Series involving Euler totient function $\varphi(n)$

Question

Prove that:

$$\sum_{n=1}^\infty \frac{x^n\varphi(n)}{1-x^n}=\frac{x}{(1-x)^2}$$

where $\varphi$ is the Euler totient function.

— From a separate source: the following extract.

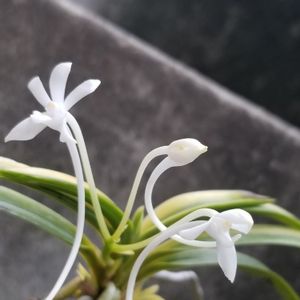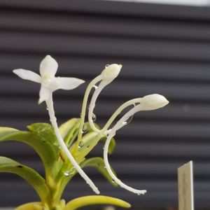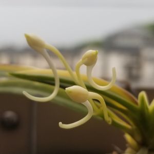 富貴蘭 青王錦(せいおうにしき) 一つ咲きました🎵 不思議な形です(*´-`) 雨のせい匂いがよくわかりません。

I can see in Wolfram Alpha that this is the case, but how to prove it?

Answer 1

Expanding out $\frac{1}{1-x^n}$ in a power series leads to $$ \sum_{n=1}^{\infty}\frac{x^n\phi(n)}{1-x^n}=\sum_{n=1}^{\infty}\phi(n)x^n\sum_{k=0}^{\infty}x^{nk}=\sum_{n=1}^{\infty}\phi(n)\sum_{k=1}^{\infty}x^{nk} $$ For a given $m\geq 1$, the coefficient of $x^m$ in the above sum is $\sum_{d|m}\phi(d)=m$, hence $$ \sum_{n=1}^{\infty}\frac{x^n\phi(n)}{1-x^n}=\sum_{m=1}^{\infty}mx^m$$

Finally, differentiating the geometric series $$ \frac{1}{1-x}=\sum_{m=0}^{\infty}x^m$$ and multiplying by $x$ shows that $$\sum_{m=1}^{\infty}mx^m=\frac{x}{(1-x)^2}$$